Git repository DAG organization

The result is a highly dense forest of interlinked nodes stored in the shape of
a graph, but essentially accessed as a key-value store (each
object in the database is only indexed by the SHA1 of its contents).

The counting

When you connect to a Git daemon to perform a fetch, the client and the server
perform a negotiation. The server shows the tips of all the branches it has,
and the client replies by comparing those against the tips of its own branches.
“I’ve already got all these objects. I want those! And those!”

Object negotiation in a Git repository

There’s a very specific case of a fetch operation: a fresh clone, where little
negotiation is necessary. The server offers the tips of its branches, and the
client wants all of them, because it doesn’t have any.

This is when this whole ordeal starts becoming expensive, because the server
has little information on what to actually send. Git doesn’t keep a definite
list of all objects reachable from the graph, and it cannot send every single
object in its database as a whole, because it could very well be that some of
those objects are not reachable at all in the repository and should be thrown
away instead of sent to the client. The only thing Git knows are the tips of
all branches, so its only option is to walk down the graph, all the way to the
beginning of the history, listing every single object that needs to be sent.

Each commit in the history is loaded and added to the list of objects to send,
and from each commit its tree is also expanded, and blobs and subtrees are also
added to the list. This process scales with the size of the history of the
repository (i.e. the amount of commits) and the actual size of the repository.
The more files that exist on the repository, the longer it takes to iterate
through the trees of each commit to find the few blobs that haven’t been listed
yet.

This is the “Counting Objects” phase, and as you may gather, some repositories
have a pretty big graph, with lots of objects to count.

The problem

At GitHub we serve some of the highest-traffic Git repositories on the internet,
repositories which generally are also very large. A clone of the Linux kernel
can take up to 8 minutes of CPU time in our infrastucture. Besides the poor user
experience of having to wait several minutes before you can start receiving data
in a clone, a thundering herd of these operations could significantly impact the
availability of our platform. This is why the Systems team made it a priority to
start researching workarounds for this issue.

Our initial attempts involved caching the result of every clone in order to
replay it to other clients asking for the same data. We quickly found out that
this approach was not elegant and definitely not scalable.

When it comes to caching clones, the repositories that matter the most are the
most active ones. This makes caching the full result of a clone pointless,
since the state of the repository changes constantly. On top of that, the
initial caching still takes the same unreasonable amount of CPU time, and the
size of the cache is about the same as that of the repository on disk.

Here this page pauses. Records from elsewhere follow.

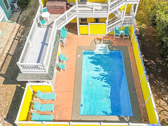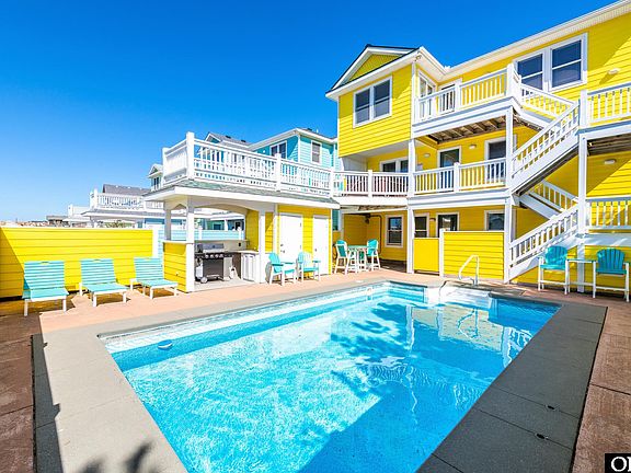 Located in the heart of Nags Head, "Mellow Yellow" offers fantastic wide ocean views and a great floorplan featuring 8 ensuite bedrooms. The top level features a large bright and airy great room with plenty of windows to admire the views, extra large dining room table, kitchen with large pantry and two dishwashers, two ensuite bedrooms, laundry, and decking in the front and the back overlooking the pool. The mid level features four ensuite bedrooms (one including a garden tub), another laundry area, a half bath, and additional decking in the front and back. On the back deck on the second level, you'll find a private hot tub area and extended decking overlooking the pool area. The ground level of the home features two more en suite bedrooms and a large game room with a wet bar, pool table, and full sized refrigerator. Enjoy the pool area with another half bath and plenty of space to grill or enjoy the sun. Great location close to Jockey's Ridge, shopping, restaurants, and more!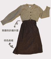 唯美慵懒风(焦糖色针织外套+棕色长裙)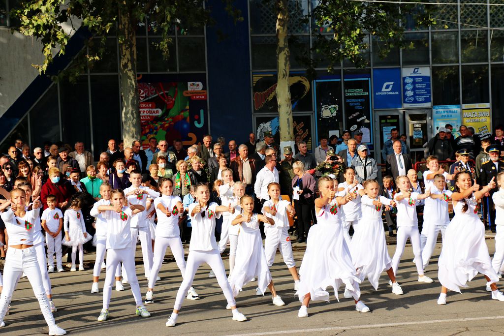 На главную площадь высыпали дети с яркой танцевальной композицией, посвященной Приднестровью.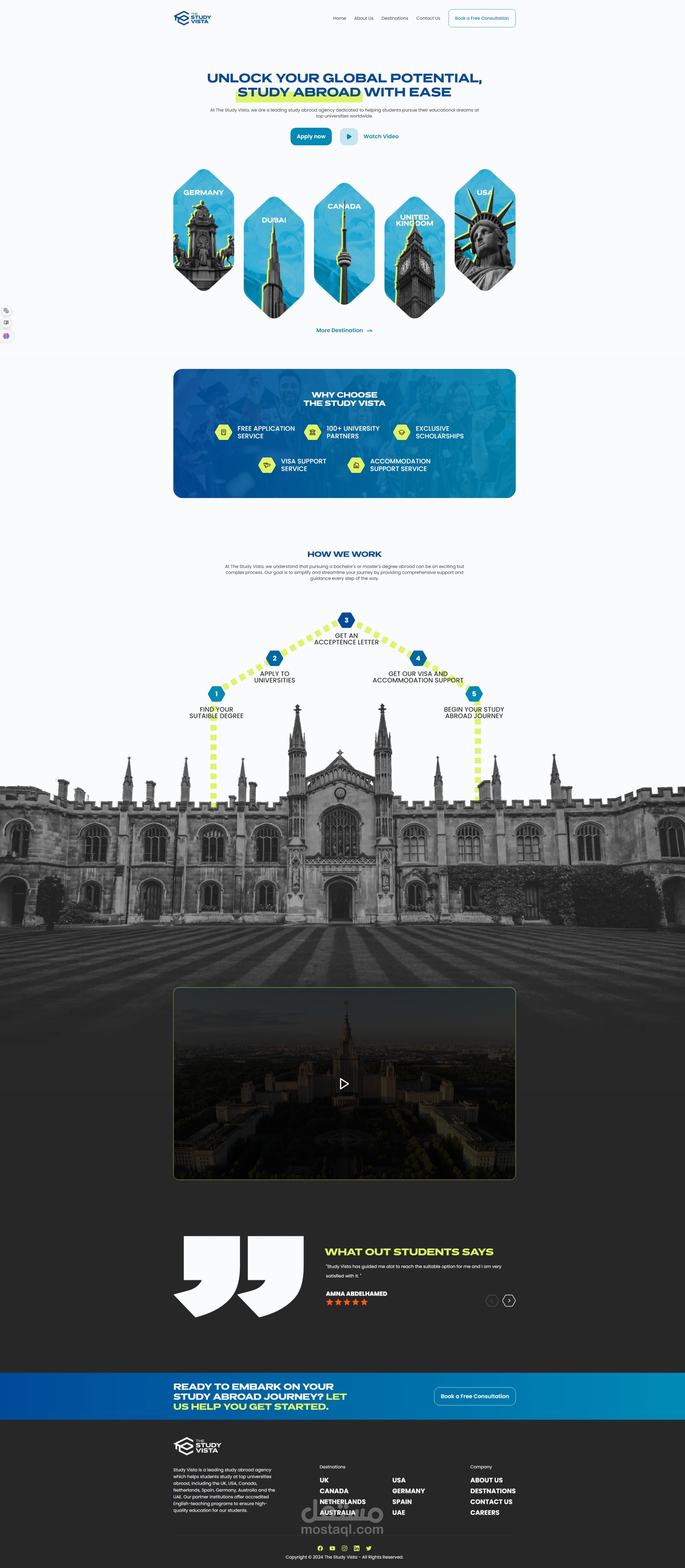 منصة توفر فرصة للسفر والدرسة في الخارج في الجامعات الدولية المعروفة في دول مثل المملكة المتحدة، أمريكا، كندا، هولندا، إسبانيا، ألمانيا، أستراليا، ودولة الإمارات.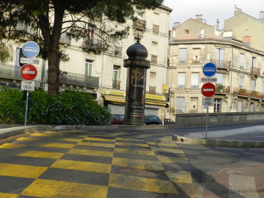 Marquage au sol et panneaux indiquant que la voie, située côté droit, menant au Pont-de-Sète et au-delà, est réservée aux seuls bus, cars, taxis et vélos, depuis le boulevard de Strasbourg. Photo prise le mercredi 1er juillet 2015. Copyright : Edouard Paris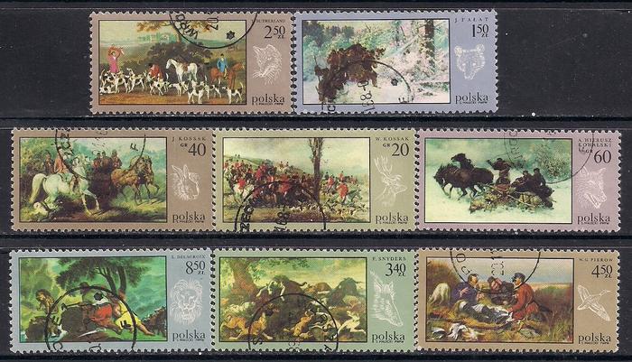 Польша 1968 год. Картины на тему охоты. 8 гашеных марок

Each
cached response roughly doubles the amount of disk space needed by the
repository.

Because of these reasons, we decided against pursuing the caching approach.
Generally speaking, caching specific results to queries is a weak approach to
performance in complex systems. What you want to do instead is caching
intermediate steps of the computation, to be able to efficiently answer any kind
of query. In this case, we were looking for a system that would not only allow
us to serve clones efficiently, but also complex fetches. Caching responses
cannot accomplish this.

In 2013 we organized and obviously attended Git Merge in Berlin, the yearly
conference (previously known as GitTogether) where developers of all the
different Git implementations meet, mingle and attempt to cope with the fact
that it’s 2015 and we’re writing version control systems for a living.

There, we were delighted to learn about the “bitmap index” patchset that
Google’s JGit engineers had written for their open-source Java
implementation of Git. Back then the patchset was still experimental, but the
concept was sound and the performance implications were very promising, so we
decided to tread down that path and attempt to port the patchset to Git, with
the hopes of being able to run it in our infrastucture and push it upstream for
the whole community to benefit.

The idea

The idea behind bitmap indexes is not particularly novel: it is the same method
that databases (especially relational ones) have used since the 1970s to speed up
their more complex queries.

In Git’s case, the queries we’re trying to perform are reachability queries:
given a set of commits, what are all of the objects in the graph that can be
reached from those commits? This is the operation that the “Counting Objects”
phase of a fetch performs, but we want to find the set of reachable objects
without having to traverse every single object on the way.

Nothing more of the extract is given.